Gezellig is a Dutch word with no clean English equivalent — it points at the warmth of good company and the feeling of an evening no one is in a hurry to leave. The Westboro bistro that took the name has built its whole shape around that idea, beginning with how a meal gets ordered. Lunch and weekend brunch both run on a two-plate format: choose any two dishes for one fixed price, thirty dollars a head at lunch and twenty-eight at brunch, a structure that pushes a table toward variety and sharing rather than one large plate apiece. The setting does its part — a converted bank on Richmond Road, high-ceilinged and solid, warmer inside than its bones would suggest.

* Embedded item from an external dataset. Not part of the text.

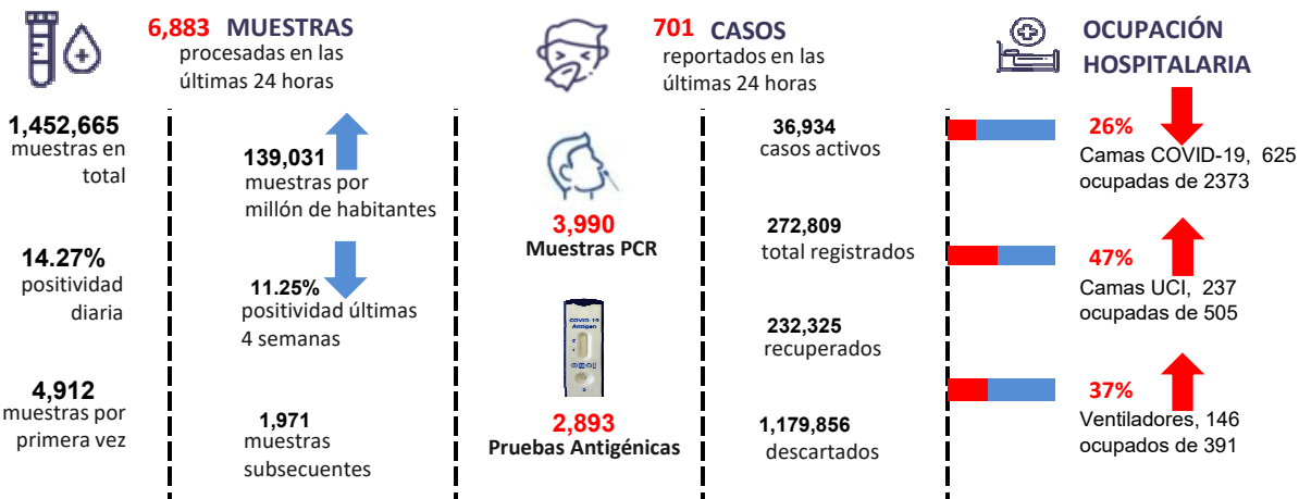
Figura 1. Tendencia de los casos v positividad de COVID-19 en República Dominicana

Brunch is where the kitchen shows its range. Breakfast Poutine is the heavy anchor — beef brisket, baked beans, home fries and cheese curds under hollandaise and a poached egg, a plate that reads like a dare and eats like comfort. Banana Bread French Toast runs the opposite direction, built on cinnamon, brown butter, spiced rum caramel, chantilly and raspberry jam. Between them sit Gezellig Huevos and a Salmon Gravlax Eggs Benedict, enough that a table can split savoury against sweet across the two-plate format without doubling up on either. Dinner trades the comfort for bistro precision: Beef Tartare to start, Braised Short Rib and Seared Scallops among the mains, and a Chef's Seasonal Soup that turns over with what the market gives.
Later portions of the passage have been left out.